Oude Testament

Nieuwe Testament

Ezechiël 23:7-13 NBG-vertaling 1951 (NBG51)

7. En zij bedreef haar ontucht met hen allen, de keur van Assurs zonen; met allen, naar wie zij hunkerde, met al hun afgoden, verontreinigde zij zich.

8. Daarbij heeft zij de ontucht uit haar Egyptische tijd niet opgegeven, want in haar jeugd heeft men haar beslapen, haar maagdelijke borsten gestreeld en ontucht over haar uitgestort.

9. Daarom heb Ik haar overgegeven in de macht van haar minnaars, in de macht van Assurs zonen, naar wie zij gehunkerd had.

10. Dezen hebben haar schaamte ontbloot, haar zonen en dochters weggenomen en haar zelf met het zwaard gedood. Zo is zij tot een spreekwoord geworden onder de vrouwen, want gerichten waren aan haar voltrokken.
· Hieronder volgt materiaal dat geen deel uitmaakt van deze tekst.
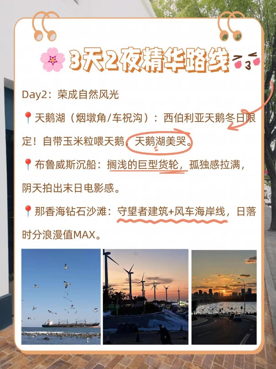 姐妹们,答应我,一定要去威海看一次海!❄️🌊蓝调海岸线、雪景城堡、成群天鹅、电影感沉船……这座被低估的宝藏小城,用3天时间就能刷爆朋友圈!本地人私藏的攻略,亲测不绕路,赶紧收藏!

11. Hoewel haar zuster Oholiba dit zag, ontbrandde zij toch in nog feller hartstocht dan haar zuster en pleegde nog erger ontucht dan zij.

12. Naar Assurs zonen hunkerde zij: landvoogden en stadhouders, hovelingen, sierlijk uitgedost, ruiters te paard, begeerlijke jonge mannen, hoofd voor hoofd.

13. En Ik zag, dat zij zich verontreinigde; beiden gingen dezelfde weg.